__Assigned task__. Since pictures are not part of the copy, please output only the lines from the one with "Pendant que la" through the end of the data below, exactly as written.

[Stored entries]
+++
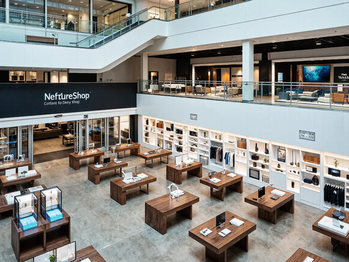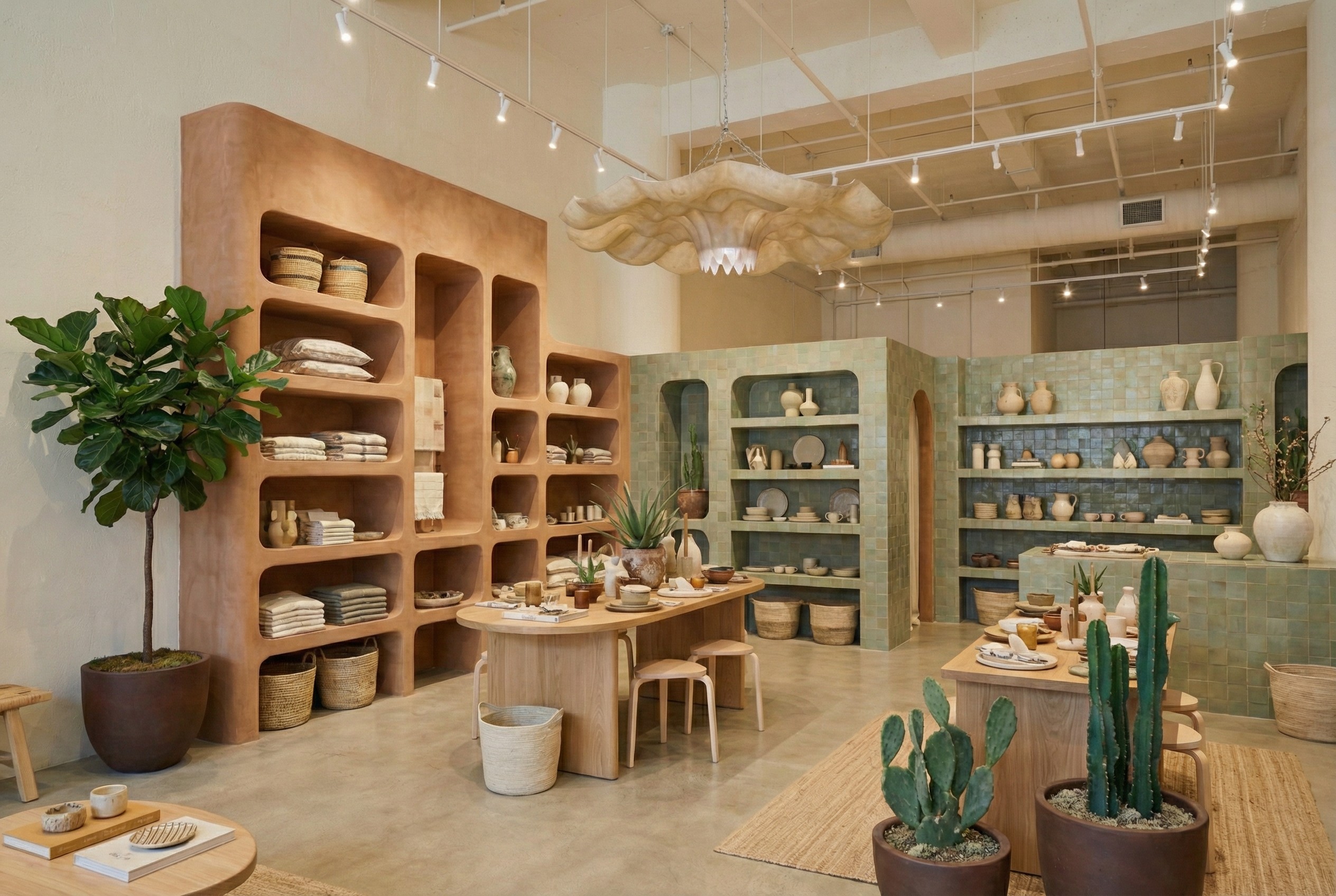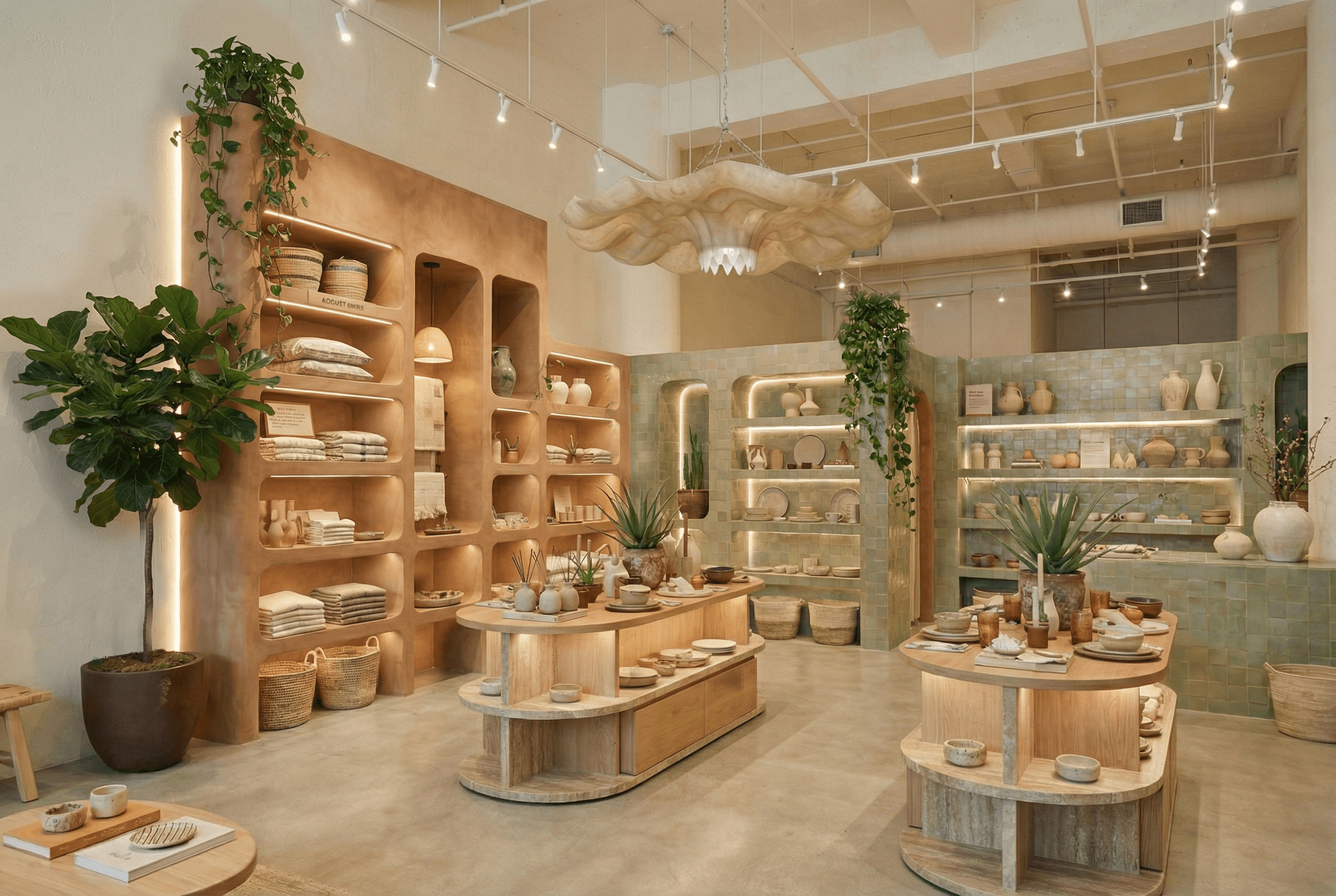 Contemporary retail store design with large glass windows, neutral color palette, ash wood shelves with LED lighting, matte black racks, quartz counter, mural mirror, floating glass display units, oak flooring, velvet fitting room curtains, potted monstera plants, adjustable track lighting, and a geometric chandelier.
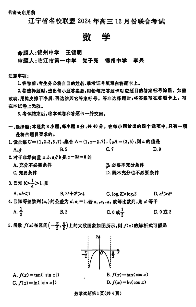 辽宁名校联盟2024年高三12月联考数学试题及答案 时间:2024-12-11 21:44 辽宁 数学试题 辽宁名校联盟2024年高三12月联考数学考试已于近日开考,为方便考生考后及时查看考试情况,查漏补缺、弥补不足,本文整理了试题答案解析相关信息! 汇总:辽宁名校联盟2024年高三12月联考试题及答案汇总 数学试题及答案解析
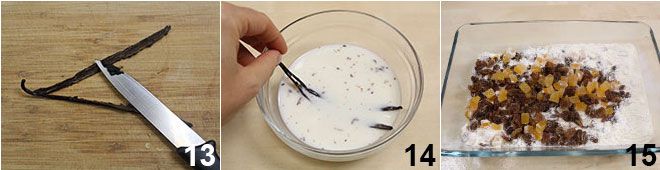 Pendant que la pâte lève, coupez une gousse de vanille en deux et grattez ses graines internes avec la lame d'un petit couteau 13. Mettez la gousse ouverte et les graines en infusion dans un bol contenant le reste du lait que vous aurez tiédi 14. Ensuite, faites fondre le beurre et laissez-le refroidir ; enfin, égouttez les raisins secs et l'orange confite, tapotez-les avec du papier absorbant pour les sécher, passez-les dans la farine 15 puis dans un tamis pour éliminer l'excédent.
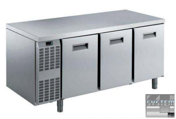 Морозильный стол Electrolux 728517, без борта трёхдверный, объёмом 415л., температурный режим работы -15…-20°С, система автоматической разморозки и испарения, изоляция толщиной 50мм., цифровой дисплей, в комплекте 3 полки решетки GN 1/1, климат класс +38°С, исполнение нерж. сталь AISI 304
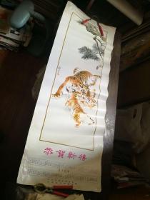 1984年刘继卣“老虎母子图’年历画 38.5乘105.5厘米
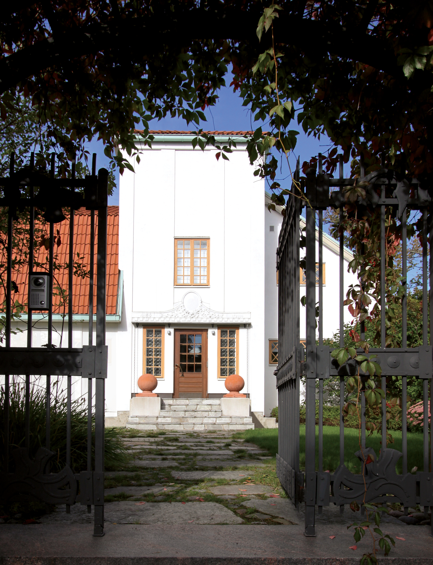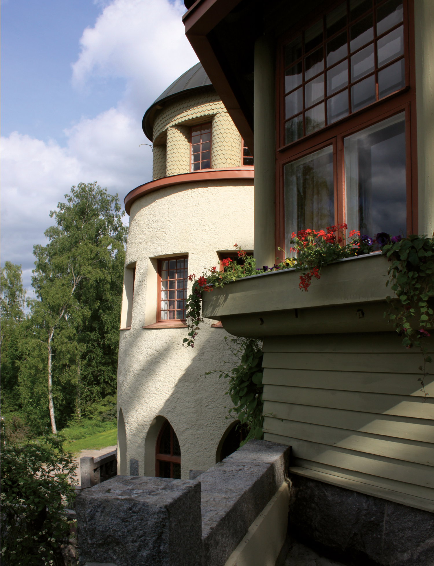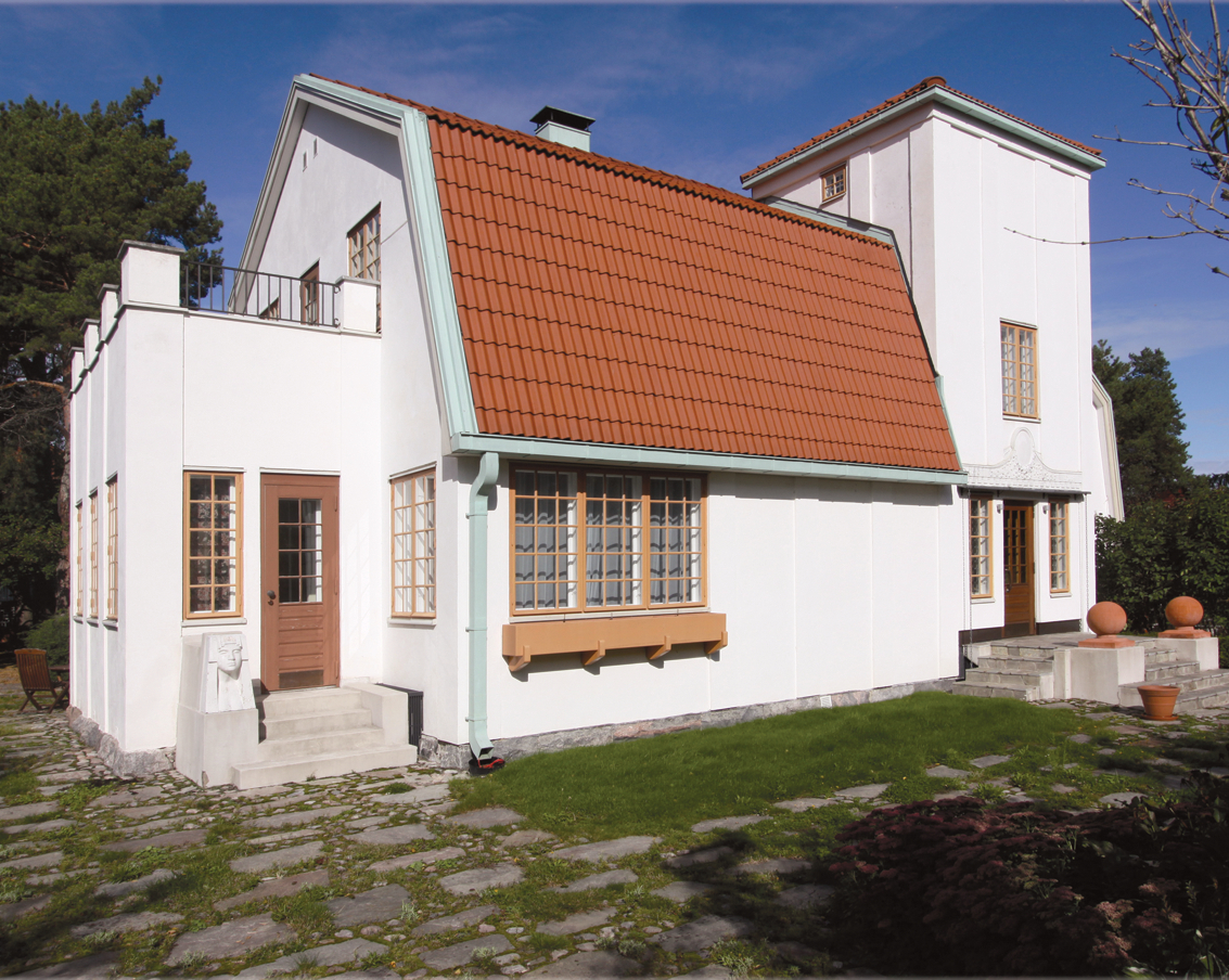This large villa is sited on Kulosaari Island, a community away from the city of Helsinki that promised a natural setting and spacious living. Designed for a painter, the building has whitewashed walls and views of nature meant to provide inspiration. The two-story structure is entered through a square tower, guarded by a sphinx made by the homeowner.
+++
__Exercise result__.
 Pendant que la pâte lève, coupez une gousse de vanille en deux et grattez ses graines internes avec la lame d'un petit couteau 13. Mettez la gousse ouverte et les graines en infusion dans un bol contenant le reste du lait que vous aurez tiédi 14. Ensuite, faites fondre le beurre et laissez-le refroidir ; enfin, égouttez les raisins secs et l'orange confite, tapotez-les avec du papier absorbant pour les sécher, passez-les dans la farine 15 puis dans un tamis pour éliminer l'excédent.
 Морозильный стол Electrolux 728517, без борта трёхдверный, объёмом 415л., температурный режим работы -15…-20°С, система автоматической разморозки и испарения, изоляция толщиной 50мм., цифровой дисплей, в комплекте 3 полки решетки GN 1/1, климат класс +38°С, исполнение нерж. сталь AISI 304
 1984年刘继卣“老虎母子图’年历画 38.5乘105.5厘米
This large villa is sited on Kulosaari Island, a community away from the city of Helsinki that promised a natural setting and spacious living. Designed for a painter, the building has whitewashed walls and views of nature meant to provide inspiration. The two-story structure is entered through a square tower, guarded by a sphinx made by the homeowner.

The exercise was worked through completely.